*** Exercise materials

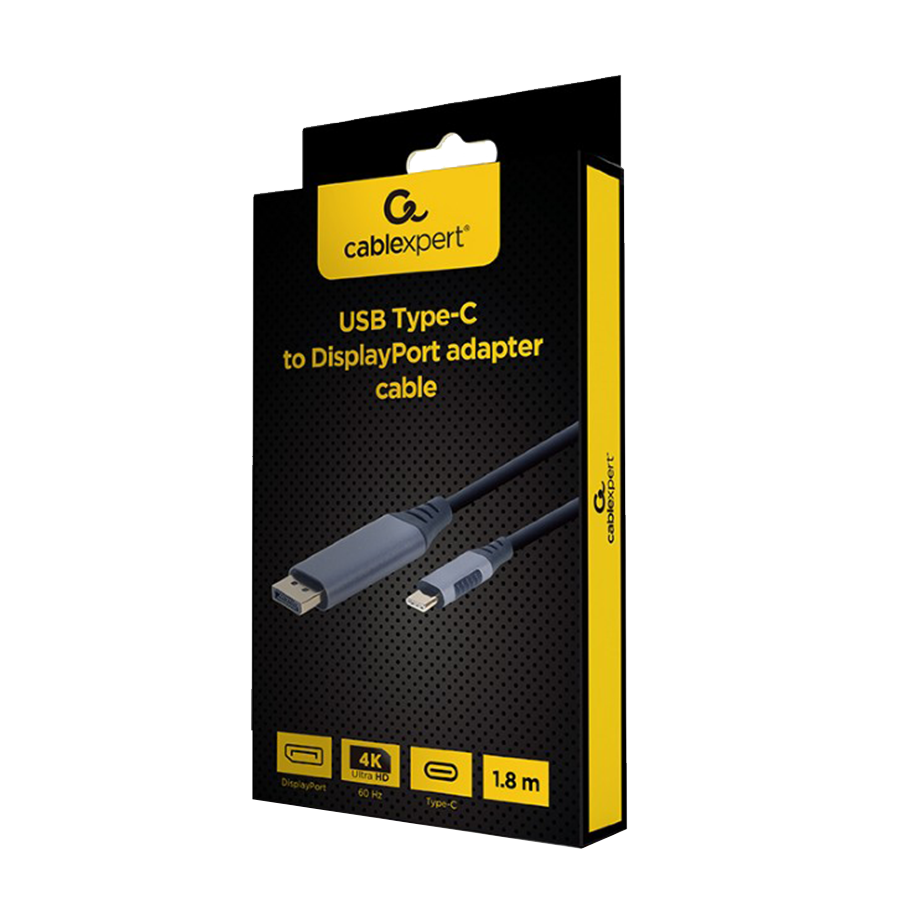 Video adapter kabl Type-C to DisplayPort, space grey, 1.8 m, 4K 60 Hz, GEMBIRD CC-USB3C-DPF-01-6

******
*** Exercise materials

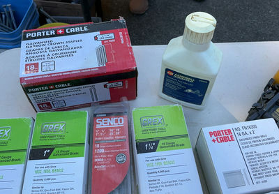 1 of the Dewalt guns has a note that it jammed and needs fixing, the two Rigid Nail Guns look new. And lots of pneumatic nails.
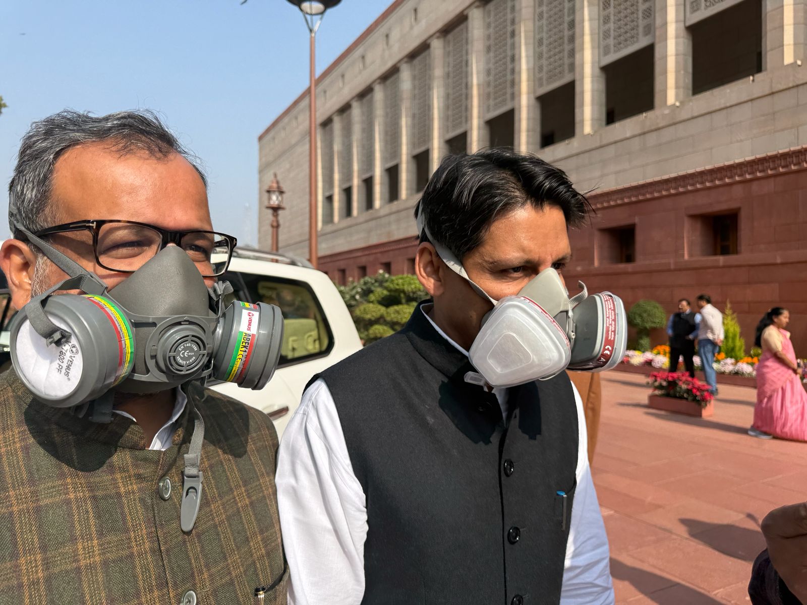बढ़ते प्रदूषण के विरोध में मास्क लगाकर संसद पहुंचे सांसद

******

### Exercise
Write down exactly what the lines above say, from the line holding "1 of the Dewalt" through the line holding "बढ़ते प्रदूषण के", and nothing more. Do not copy the pictures.

### Response to this task
 1 of the Dewalt guns has a note that it jammed and needs fixing, the two Rigid Nail Guns look new. And lots of pneumatic nails.
बढ़ते प्रदूषण के विरोध में मास्क लगाकर संसद पहुंचे सांसद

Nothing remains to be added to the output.